2. Canvas Rendering Performance

  • Problem: Smoothly rendering hundreds of elements

  • Solution: Layer-based rendering, selective updates, caching strategies

3. Batch Processing

  • Problem: Efficiently generating 1000+ labels from CSV data

  • Solution: Template variables, data binding, optimized export pipeline

4. Type Safety

  • Challenge: Maintaining strict TypeScript types across 400K+ lines

  • Solution: AI consistently enforced type safety, caught errors early

What Worked Well

:white_check_mark: AI was excellent at:

  • Quickly generating boilerplate code

  • Implementing standard patterns (CRUD APIs, authentication, etc.)

  • Fixing bugs when I described the symptoms

  • Refactoring code for better organization

  • Enforcing type safety

:white_check_mark: Complex features that AI handled well:

  • Canvas-based drag-and-drop system

  • Barcode/QR code generation integration

  • Multi-format export (PDF, PNG, SVG, ZPL)
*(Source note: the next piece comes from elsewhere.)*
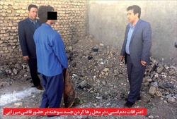 آن لحظه «ف» مقابل در منزل ایستاده بود که من از همه صحنه های جنایت تصویربرداری کردم ولی بعد از این ماجرا «ف» به داخل منزل آمد و با کمک یکدیگر جسد را درون حمام کشاندیم تا آن را بسوزانیم! من مقداری بنزین روی جسد ریختم ولی به دلیل تجمع گازهای بنزین در حمام، وقتی شعله را روشن کردم ناگهان صدای انفجارگونه ای رخ داد که «ف» ترسید و به بیرون از منزل دوید! وقتی دیدم دود زیادی در فضا پراکنده شد و همسایگان در جریان قرار می گیرند با بدبختی شعله های آتش را خاموش کردم!
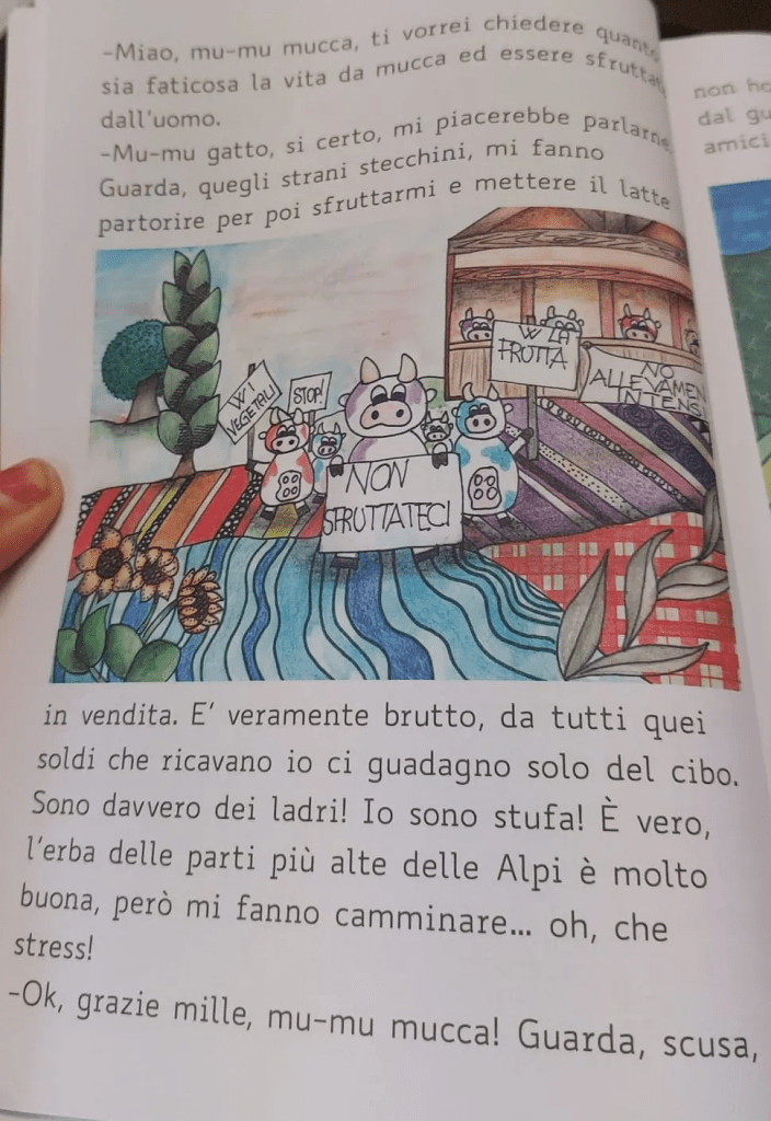 Una ragazzina di 12 anni di Baveno ha infatti composto un racconto in cui un gatto (animale che ad oggi, oggettivamente, gode di maggiore tutela rispetto ad altre specie) intervista altri animali chiedendo loro come vivano. Il testo, che è stato inserito nel Diario poiché vincitore di un concorso ad hoc dedicato a ragazze e ragazzi, porta alla luce come le vacche vengano usate negli allevamenti. In maniera semplice e genuina, attraverso l’esperienza del personaggio, vengono denunciati i trattamenti riservati a questi poveri animali nelle stalle in tutto il mondo.

  • User permission system

  • Internationalization system

What Was Challenging

:warning: Areas that required more iteration:

  • Complex coordinate transformations (needed multiple iterations)

  • Performance optimization (required profiling and targeted fixes)

  • Edge cases in batch processing (needed real-world testing)

  • UI/UX refinements (required user feedback)

Key Learnings

  1. AI is incredibly powerful for structured development - When you have clear requirements, AI can generate production-ready code

  2. Iteration is key - The first version often needs refinement. AI excels at iterating based on feedback

  3. Type safety matters - Strict TypeScript caught many issues early. AI was great at maintaining type consistency

  4. Architecture decisions still need human judgment - AI can implement, but you need to guide the overall structure

  5. Testing with real users is essential - AI can’t predict all edge cases. Real usage revealed issues that needed fixing

Current Status

:white_check_mark: Fully Functional: The system is live and working
:white_check_mark: Production Ready: v2.42.0 with all core features implemented
:white_check_mark: Real Users: Already serving actual customers
:white_check_mark: Continuous Improvement: Still iterating based on feedback

What’s Next

  • More templates and design elements

  • Mobile app version

  • API for third-party integrations

  • Advanced AI features (auto-layout suggestions, design optimization)

Technical Deep Dive

If anyone’s interested in the technical details:

  • Architecture: Vue 3 frontend, Node.js backend, PostgreSQL database

  • Rendering Engine: Custom Konva-based system with layer management

  • Export System: Multi-format exporter with DPI control

  • Batch Processing: Template variable system with CSV/Excel import

I’m happy to share more about:

  • How I structured conversations with Claude Sonnet across different versions

  • Differences in AI capabilities between Claude Sonnet 3.7, 4.0, and 4.5

  • Architecture decisions and trade-offs

  • Performance optimizations

  • How version upgrades improved development efficiency

  • Lessons learned from the process

Final Thoughts

Building a full SaaS product 100% with AI assistance was an incredible experience. It’s not magic - it still requires:

  • Clear requirements

  • Iterative refinement

  • Testing and debugging

  • User feedback

But AI dramatically accelerated the process. What would have taken years of solo development was completed in months.

I’d love to hear your thoughts, questions, or feedback!